Заслышав гулкие шаги, «страж» приоткрыла глаз, потом второй, неохотно подобрала вытянутые под столом ноги, и басовито пробурчала:
– Открывайте сами, – широко, откровенно, зевнула, и раздражённо добавила: – Водют тут… всяких… баб…
– Не груби, бабка, – отрезал Чуркин, – Не всякая, а моя жена…
«Хоть и – бывшая… Господи! Вечно я перед всеми оправдываюсь». – Мелькнуло у Чуркина.
Он подошёл к двери, снял замок, открыл дверь, которая сварливо заскрипела басом, и пропустил жену. Уже подойдя к выходной двери, она, вдруг, вернулась, остановилась по ту сторону решётки, и на удивление мирным голосом, тихо произнесла:
– Ты уж прости меня, Шурик.
– Да, ладно тебе. Не бери в голову. – Небрежно бросил Чуркин, – Прорвёмся.
«Надо же! – удивился он, – То – Чуркин, Чуркин, и, вдруг – Шурик».
Не смотря на все старания Чуркина, решётчатая дверь закрылась всё же с грохотом. Он ещё постоял, в раздумье, глядя в окно. Увидел, как жена вышла из парадной, обернулась, остановилась и внимательно стала рассматривать что-то на стене.
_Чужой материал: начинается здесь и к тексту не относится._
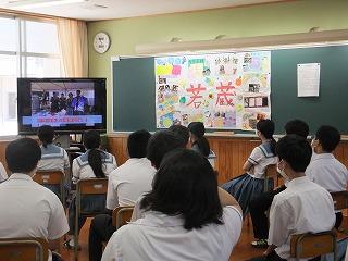 体育館で学校の紹介DVDを見たあと授業参観へ
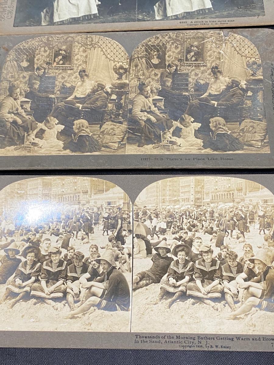 Antique Mixed Lot of Stereoscope Cards Families People at the Beach Couples
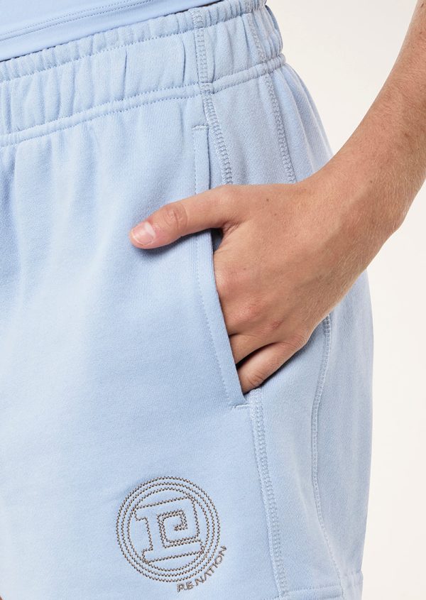 The Output Short in Dusty Blue is made in a soft loopback cotton, these relaxed fit track shorts feature an encased elastic waistband, flatlock stitching on either sides, bound hems and a P.E Nation front logo print. Style these shorts over activewear or pair with a relaxed fit tee when lounging.
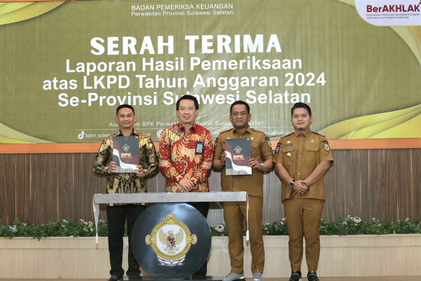 Prestasi tersebut diumumkan saat serah terima LHP-LKPD TA 2024 di Kantor Badan Pemeriksa Keuangan (BPK) RI Perwakilan Provinsi Sulsel di Jl AP Pettarani Makassar, Selasa (27/5/2025).
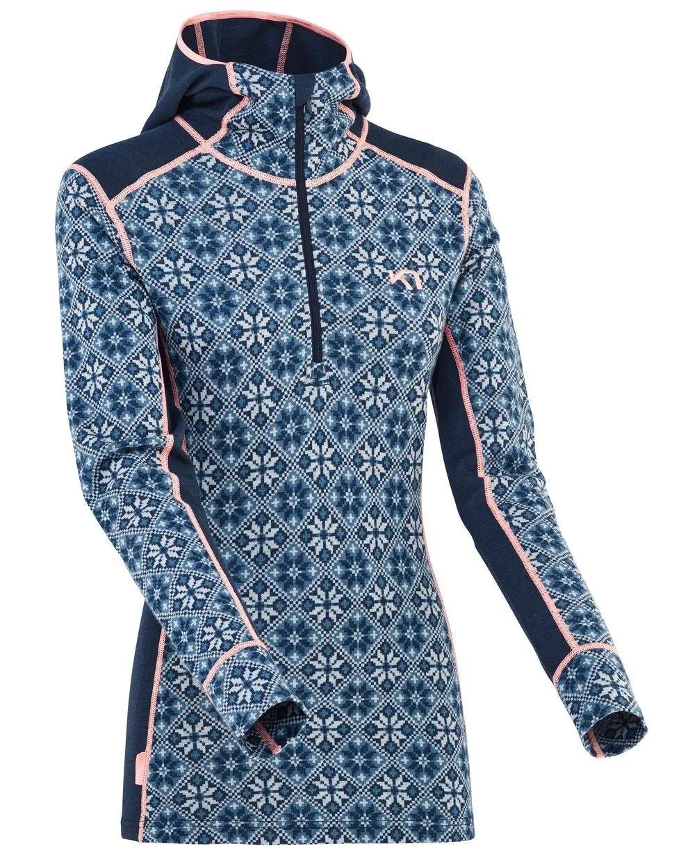 The Kari Traa Rose Hood is a 100% Merino wool half-zip women’s baselayer top with a classy, feminine, Nordic-inspired design and a slim, sporty silhouette. Combining wool and 4-way stretch, it gives you ooh-factor next-to-skin comfort, natural odor-resistance and breathability. Feeling the cold after storming a peak? Then flip up the slim hood – it will fit under other layers. A must-have.

Чуркин чуть не рассмеялся вслух: он-то знал, что там красовалась вывеска, однозначно гласившая, что это здание не что иное как «общежитие республиканского института культуры»…
…До пресловутого «путча» ГКЧП оставалось почти два месяца.
Сюпризы, сюпризы, сюрпризы…
(Июнь 1998 года)
Чуркин тупо уставился на объявление и ещё раз, чисто машинально, перечитал его:
«В связи с отсутствием горячей воды баня закрыта до 17.00 час.
Администрация»
«Мама мия, матка бозка, пшиска една, пся крев! Ни фига себе!» – вздохнул обескураженный Чуркин и в бессилии опустился на скамейку, стоявшую возле входной двери. Было двенадцать часов.
«Размечтался!.. – подумал Чуркин – Накось, тебе, выкуси!»…
…А какое было утро! Он проснулся с ощущением полёта, невыразимой лёгкости и радости, которые испытал во сне. Они с Катериной летали бескрайними просторами неба, закладывая невероятные виражи над лесами и полями, над горами, покрытыми снегом, над голубыми змейками рек и изумрудными зеркалами озер, отражавшими редкие облачка, казавшиеся парусами сказочных бригантин. И воздух был чист и прозрачен. И они с упоением отдавались этому неописуемому чувству свободного полёта. Да, они – летали! Они были счастливы!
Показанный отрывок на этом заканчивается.